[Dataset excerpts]
>>>>
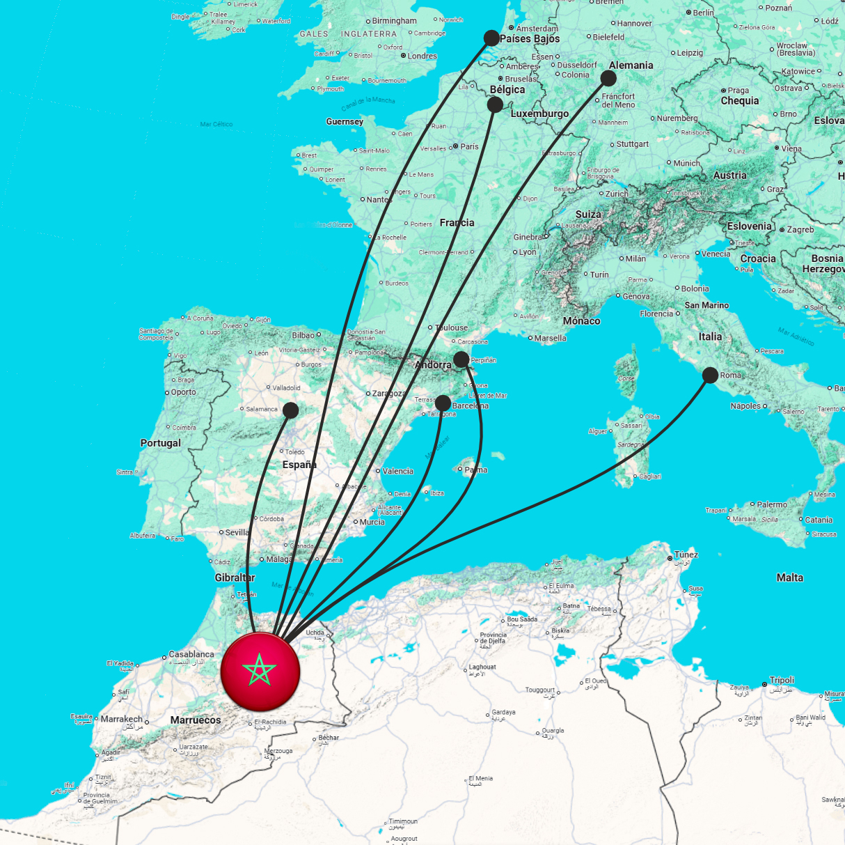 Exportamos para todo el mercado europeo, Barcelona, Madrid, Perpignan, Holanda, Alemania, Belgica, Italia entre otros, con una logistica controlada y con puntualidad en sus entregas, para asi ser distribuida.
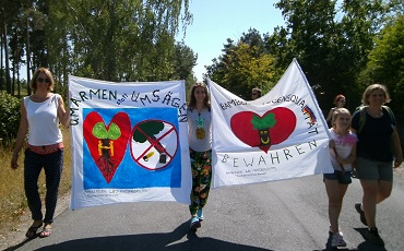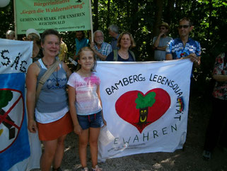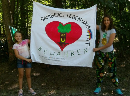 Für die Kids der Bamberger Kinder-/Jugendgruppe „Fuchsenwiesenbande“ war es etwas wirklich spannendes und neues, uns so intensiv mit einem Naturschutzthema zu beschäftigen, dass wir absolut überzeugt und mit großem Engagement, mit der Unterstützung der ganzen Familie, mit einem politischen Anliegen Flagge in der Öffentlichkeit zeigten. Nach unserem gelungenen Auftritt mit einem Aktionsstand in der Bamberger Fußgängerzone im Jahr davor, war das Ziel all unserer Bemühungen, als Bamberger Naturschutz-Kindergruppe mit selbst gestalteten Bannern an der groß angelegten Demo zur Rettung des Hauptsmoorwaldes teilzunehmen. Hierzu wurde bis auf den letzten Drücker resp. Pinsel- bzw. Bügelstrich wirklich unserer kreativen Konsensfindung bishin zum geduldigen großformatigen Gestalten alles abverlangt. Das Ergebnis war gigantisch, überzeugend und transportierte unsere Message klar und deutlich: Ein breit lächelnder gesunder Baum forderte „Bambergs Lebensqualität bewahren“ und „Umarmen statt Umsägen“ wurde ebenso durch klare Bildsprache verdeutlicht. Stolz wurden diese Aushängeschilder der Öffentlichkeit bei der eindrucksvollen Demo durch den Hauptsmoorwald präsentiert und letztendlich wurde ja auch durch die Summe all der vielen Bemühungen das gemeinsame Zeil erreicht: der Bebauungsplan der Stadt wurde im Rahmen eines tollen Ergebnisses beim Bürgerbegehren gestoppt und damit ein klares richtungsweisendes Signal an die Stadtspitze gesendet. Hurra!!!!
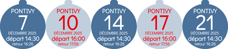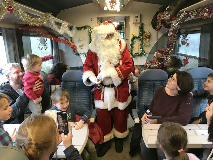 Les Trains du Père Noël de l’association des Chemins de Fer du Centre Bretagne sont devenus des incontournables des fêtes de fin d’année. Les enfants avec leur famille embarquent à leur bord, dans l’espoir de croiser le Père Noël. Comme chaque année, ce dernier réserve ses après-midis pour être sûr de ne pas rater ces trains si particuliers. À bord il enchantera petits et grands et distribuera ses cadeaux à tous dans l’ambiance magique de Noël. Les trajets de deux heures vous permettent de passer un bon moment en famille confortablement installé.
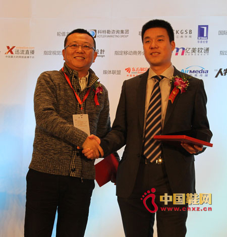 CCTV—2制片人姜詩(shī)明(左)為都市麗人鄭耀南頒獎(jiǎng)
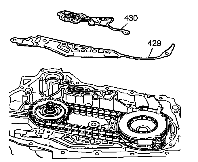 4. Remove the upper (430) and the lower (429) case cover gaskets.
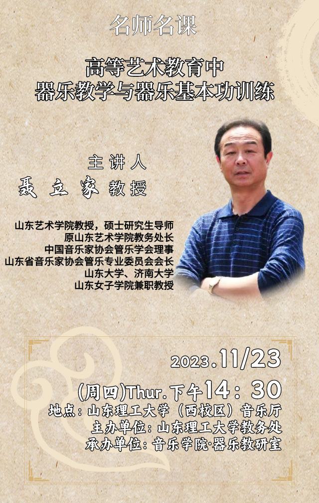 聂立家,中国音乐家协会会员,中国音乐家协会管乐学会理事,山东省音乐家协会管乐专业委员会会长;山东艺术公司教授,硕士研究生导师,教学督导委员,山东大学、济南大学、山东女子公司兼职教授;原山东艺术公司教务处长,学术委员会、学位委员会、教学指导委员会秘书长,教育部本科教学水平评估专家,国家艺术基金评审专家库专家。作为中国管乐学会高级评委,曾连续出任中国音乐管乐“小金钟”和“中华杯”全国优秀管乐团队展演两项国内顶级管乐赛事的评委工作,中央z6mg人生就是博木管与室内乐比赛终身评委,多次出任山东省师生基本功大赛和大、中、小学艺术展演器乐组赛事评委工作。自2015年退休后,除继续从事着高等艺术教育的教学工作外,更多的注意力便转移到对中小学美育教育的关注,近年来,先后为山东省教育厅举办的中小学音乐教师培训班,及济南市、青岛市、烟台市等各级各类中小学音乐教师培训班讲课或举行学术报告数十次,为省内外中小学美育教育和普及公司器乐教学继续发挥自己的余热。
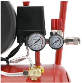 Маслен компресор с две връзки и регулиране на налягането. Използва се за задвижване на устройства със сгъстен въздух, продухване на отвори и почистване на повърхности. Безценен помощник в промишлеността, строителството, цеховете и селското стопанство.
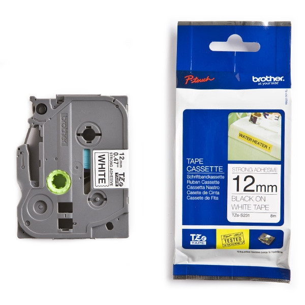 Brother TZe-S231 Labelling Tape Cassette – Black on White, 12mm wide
<<<<
EXERCISE REQUIREMENTS
Please output every entry exactly as written, apart from the pictures.

SOLUTION FOR THIS EXERCISE
 Exportamos para todo el mercado europeo, Barcelona, Madrid, Perpignan, Holanda, Alemania, Belgica, Italia entre otros, con una logistica controlada y con puntualidad en sus entregas, para asi ser distribuida.
 Für die Kids der Bamberger Kinder-/Jugendgruppe „Fuchsenwiesenbande“ war es etwas wirklich spannendes und neues, uns so intensiv mit einem Naturschutzthema zu beschäftigen, dass wir absolut überzeugt und mit großem Engagement, mit der Unterstützung der ganzen Familie, mit einem politischen Anliegen Flagge in der Öffentlichkeit zeigten. Nach unserem gelungenen Auftritt mit einem Aktionsstand in der Bamberger Fußgängerzone im Jahr davor, war das Ziel all unserer Bemühungen, als Bamberger Naturschutz-Kindergruppe mit selbst gestalteten Bannern an der groß angelegten Demo zur Rettung des Hauptsmoorwaldes teilzunehmen. Hierzu wurde bis auf den letzten Drücker resp. Pinsel- bzw. Bügelstrich wirklich unserer kreativen Konsensfindung bishin zum geduldigen großformatigen Gestalten alles abverlangt. Das Ergebnis war gigantisch, überzeugend und transportierte unsere Message klar und deutlich: Ein breit lächelnder gesunder Baum forderte „Bambergs Lebensqualität bewahren“ und „Umarmen statt Umsägen“ wurde ebenso durch klare Bildsprache verdeutlicht. Stolz wurden diese Aushängeschilder der Öffentlichkeit bei der eindrucksvollen Demo durch den Hauptsmoorwald präsentiert und letztendlich wurde ja auch durch die Summe all der vielen Bemühungen das gemeinsame Zeil erreicht: der Bebauungsplan der Stadt wurde im Rahmen eines tollen Ergebnisses beim Bürgerbegehren gestoppt und damit ein klares richtungsweisendes Signal an die Stadtspitze gesendet. Hurra!!!!
 Les Trains du Père Noël de l’association des Chemins de Fer du Centre Bretagne sont devenus des incontournables des fêtes de fin d’année. Les enfants avec leur famille embarquent à leur bord, dans l’espoir de croiser le Père Noël. Comme chaque année, ce dernier réserve ses après-midis pour être sûr de ne pas rater ces trains si particuliers. À bord il enchantera petits et grands et distribuera ses cadeaux à tous dans l’ambiance magique de Noël. Les trajets de deux heures vous permettent de passer un bon moment en famille confortablement installé.
 CCTV—2制片人姜詩(shī)明(左)為都市麗人鄭耀南頒獎(jiǎng)
 4. Remove the upper (430) and the lower (429) case cover gaskets.
 聂立家,中国音乐家协会会员,中国音乐家协会管乐学会理事,山东省音乐家协会管乐专业委员会会长;山东艺术公司教授,硕士研究生导师,教学督导委员,山东大学、济南大学、山东女子公司兼职教授;原山东艺术公司教务处长,学术委员会、学位委员会、教学指导委员会秘书长,教育部本科教学水平评估专家,国家艺术基金评审专家库专家。作为中国管乐学会高级评委,曾连续出任中国音乐管乐“小金钟”和“中华杯”全国优秀管乐团队展演两项国内顶级管乐赛事的评委工作,中央z6mg人生就是博木管与室内乐比赛终身评委,多次出任山东省师生基本功大赛和大、中、小学艺术展演器乐组赛事评委工作。自2015年退休后,除继续从事着高等艺术教育的教学工作外,更多的注意力便转移到对中小学美育教育的关注,近年来,先后为山东省教育厅举办的中小学音乐教师培训班,及济南市、青岛市、烟台市等各级各类中小学音乐教师培训班讲课或举行学术报告数十次,为省内外中小学美育教育和普及公司器乐教学继续发挥自己的余热。
 Маслен компресор с две връзки и регулиране на налягането. Използва се за задвижване на устройства със сгъстен въздух, продухване на отвори и почистване на повърхности. Безценен помощник в промишлеността, строителството, цеховете и селското стопанство.
 Brother TZe-S231 Labelling Tape Cassette – Black on White, 12mm wide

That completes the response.